Open Source Philosophy

Some companies unfortunately don't like give-take motion, it is always take take, take forever. They die and be gone then what they have achieved was a meaningless grind with high digits amount of cash. I believe in balanced open source philosophy where people give and take at the same time. The most successful innovative projects have been this way plus there is always something you can open source like an indie project or noncommercial fun project that is gonna be out there when you die one day. It could be in docs, issues form, doesn't even have to be the code.

Using a community distro means you are highly intellectual user with a goal in mind to aid the community and amplify their voice. Not every normal user may wanna go down this path as you sometimes will be checking mail lists, forums and VCS issues like instragram. But you can also just be an user as linux community disros are getting easier to use every day. I am looking at you archinstall(the best thing I have seen for arch linux desktop users) script and yes debian server installation is still dead confusing :)

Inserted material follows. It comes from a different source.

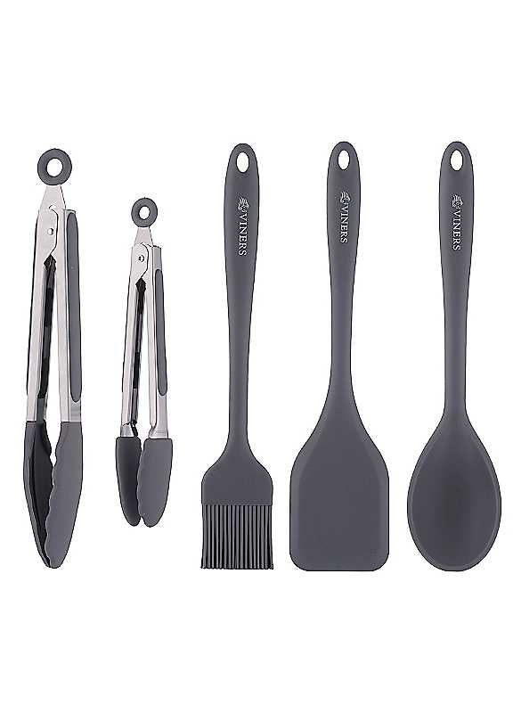 Blending timeless design with everyday functionality, the Viners® 5-Piece Kitchen Utensil Set is crafted to bring strength, durability, and style to your kitchen. This versatile set includes two stainless steel food tongs (18cm and 23cm), a non-stick silicone turner, a solid spoon, and a silicone basting brush-everything you need for effortless cooking, serving, and prepping. Each utensil has been thoughtfully designed with comfort and performance in mind. The stainless steel tongs offer precision handling with a sturdy, non-slip grip that's ideal for safely lifting hot food straight from air fryer drawers or oven trays. The silicone turner and spoon are made from high-quality, heat-resistant silicone, ensuring safe use on all non-stick cookware without damaging surfaces. The basting brush is perfect for glazing, marinating, or buttering, with flexible silicone bristles that are easy to clean and gentle on cookware. All five utensils feature an elegant combination of soft grey and silver tones that complement any kitchen style. With practicality at their core, each tool includes a built-in hanging hook for simple storage and is dishwasher safe for hassle-free cleaning. Trusted for over 110 years, Viners® is a beloved British brand known for quality craftsmanship and heritage. This utensil set is a stylish, reliable choice for any home cook looking to elevate their kitchen essentials.This versatile set includes two stainless steel food tongs (18cm and 23cm), a non-stick silicone turner, a solid spoon, and a silicone basting brush-everything you need for effortless cooking, serving, and prepping. The silicone turner and spoon are made from high-quality, heat-resistant silicone, ensuring safe use on all non-stick cookware without damaging surfaces. The basting brush is perfect for glazing, marinating, or buttering, with flexible silicone bristles that are easy to clean and gentle on cookware. All five utensils feature an elegant combination of soft grey and silver tones that complement any kitchen style. With practicality at their core, each tool includes a built-in hanging hook for simple storage and is dishwasher safe for hassle-free cleaning.Silicone | stainless steel kitchen utensil set, stainless steel kitchen utensils, kitchen utensils tongs, silicone cooking utensils, stainless steel kitchen tools
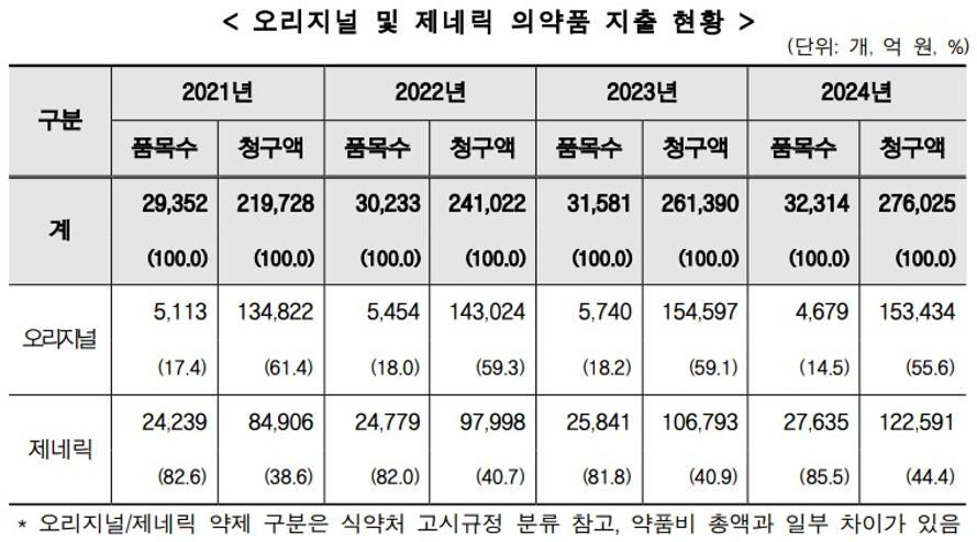 급여의약품을 오리지널과 제네릭 약제로 구분해 보면, 2024년 기준, 오리지널 의약품 지출액은 15조3434억원으로 55.6%, 제네릭은 12조2591억원으로 44.4%를 차지했다. 제네릭 청구액 비중은 2021년 38.6%, 2022년 40.7%, 2023년 40.9%, 2024년 44.4%로 매년 증가세를 보였다.

Then why you should use and devote time(if you wish) to community distros?

Arch
Debian

  • Drama Free
  • No middleman, you don't depend on anyone's very dumb corporate decisions
  • Joyful learning cycle for the curious mind and always people there to help you out
  • Freedom to do anything you want without being in drama circle
  • Freedom to brick your operating system
  • Freedom to hang out on issues forums or bug forums to give an insight of what you have seen or how you have solved
  • You don't like take, take, take materialistic cycle; you love to produce ideas and give something back sometimes
  • You like to feel like attending religious communities(church, mosque, synagogue) who embraces but you hate cults and politics

“Sometimes it is the people who no one imagines anything of, who do the things that no one can imagine.”